PSA : des salariés polonais en renfort sur le site de Metz

PSA : des salariés polonais en renfort sur le site de Metz
A Metz, 50 salariés polonais sont venus renforcer les effectifs de l'usine

, publié le samedi 13 juin 2020 à 17h17

Alors que PSA a renoncé à faire venir des travailleurs polonais dans son usine d'Hordain, ils sont déjà 50 Polonais à travailler au sein de l'usine de Metz.

Des salariés polonais de PSA sont depuis quelques jours en renfort sur le site du constructeur automobile à Metz, alors que le gouvernement a annoncé samedi que PSA allait revenir sur sa décision de recourir dans le Nord à de la main d'oeuvre polonaise. "Compte tenu de l'émotion que ce sujet suscite", ce que "nous comprenons dans le contexte actuel du pays", "nous avons travaillé à une solution alternative", permettant "de monter cette équipe supplémentaire" finalement constituée "majoritairement d'intérimaires", a déclaré à l'AFP le responsable communication de PSA Hordain, Jean-Pierre Papin en fin de journée.




50 Polonais de Gliwice à Metz

A Metz, "actuellement 50 Polonais de Gliwice (usine Opel dans le sud de la Pologne, ndlr) ont commencé à travailler lundi". Ces salariés, logés par le groupe, sont payés selon les conventions collectives françaises le temps de ce renfort, a précisé une porte-parole du site qui fabrique des boîtes de vitesse.

Outre ce renfort étranger, "une quinzaine d'employés de Douvrin" dans le Pas-de-Calais ont aussi été relocalisés à Metz, a ajouté l'intéressée.

Sur le site voisin de Trémery, spécialisé dans les moteurs, PSA réfléchit "à faire venir des employés d'autres sites PSA de France et de l'étranger" sur la base du volontariat. La venue d'Allemands travaillant dans des usines Opel "fait partie de la réflexion partagée avec les organisations syndicales au CSE de Trémery", a ajouté la porte-parole. Sur ce site, il y a déjà "une quinzaine" d'employés du site de Mulhouse en renfort.

Eviter de faire appel à des intérimaires

"On est au stade de chercher des solutions pour trouver des gens pour rejoindre nos équipes qui ne sont pas au complet sans faire appel à des intérimaires" puisqu'il y a encore des mesures de chômage partiel dans le groupe, selon les fonctions et les sites, a expliqué la porte-parole.
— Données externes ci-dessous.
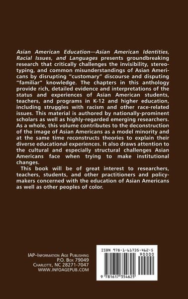 A volume in Research on the Education of Asian Pacific Americans Series Editors Clara C. Park, California State University, Northridge, Russell Endo, University of Colorado, and Xue Lan Rong, University of North Carolina, Chapel Hill (Sponsored by SIG-Research on the Education of Asian and Pacific Americans of the American Educational Research Association and National Association for Asian and Pacific American Education) Asian American Education--Asian American Identities, Racial Issues, and Languages presents groundbreaking research that critically challenges the invisibility, stereotyping, and common misunderstandings of Asian Americans by disrupting "customary" discourse and disputing "familiar" knowledge. The chapters in this anthology provide rich, detailed evidence and interpretations of the status and experiences of Asian American students, teachers, and programs in K-12 and higher education, including struggles with racism and other race-related issues. This material is authored by nationally-prominent scholars as well as highly-regarded emerging researchers. As a whole, this volume contributes to the deconstruction of the image of Asian Americans as a model minority and at the same time reconstructs theories to explain their diverse educational experiences. It also draws attention to the cultural and especially structural challenges Asian Americans face when trying to make institutional changes. This book will be of great interest to researchers, teachers, students, and other practitioners and policymakers concerned with the education of Asian Americans as well as other peoples of color.

La direction de l'usine d'Hordain avait annoncé l'arrivée en renfort la semaine prochaine de 120 Polonais de l'usine de Gliwice, puis de 150 autres la semaine suivante. Carlos Tavares, le patron de PSA, "s'est engagé à revenir sur cette décision" auprès du ministre de l'Economie Bruno Le Maire, a indiqué le ministère à l'AFP. "Le ministre a eu Carlos Tavares ce matin, les deux hommes s'entendent bien, ça a été une discussion constructive et M. Tavares s'est engagé à revenir sur cette décision", a déclaré le ministère.

Les syndicats montent au créneau

Sur Franceinfo, Jean-Pierre Mercier, délégué syndical CGT chez PSA, a déclaré samedi ne faire "aucune confiance à la ministre du Travail pour régler le problème". "La ministre est du côté de PSA. Ils vont s'entendre sur le dos des intérimaires, sur le dos des travailleurs de PSA et de nos camarades de Pologne, d'Espagne et d'Allemagne", a-t-il regretté, estimant que PSA jouait "la mise en concurrence des salariés les uns contre les autres" depuis des années.

"On demande qu'on autorise à reprendre les intérimaires qui étaient présents sur le site et qu'ils puissent revenir travailler, ça arrangerait tout le monde", a déclaré Mickaël Montasprini, responsable de la section syndicale CFDT à Trémery à l'AFP. Ce dernier dénonce en effet des "montées de cadence" qui rendent actuellement les conditions de travail difficiles pour les employés de l'usine de Tremery.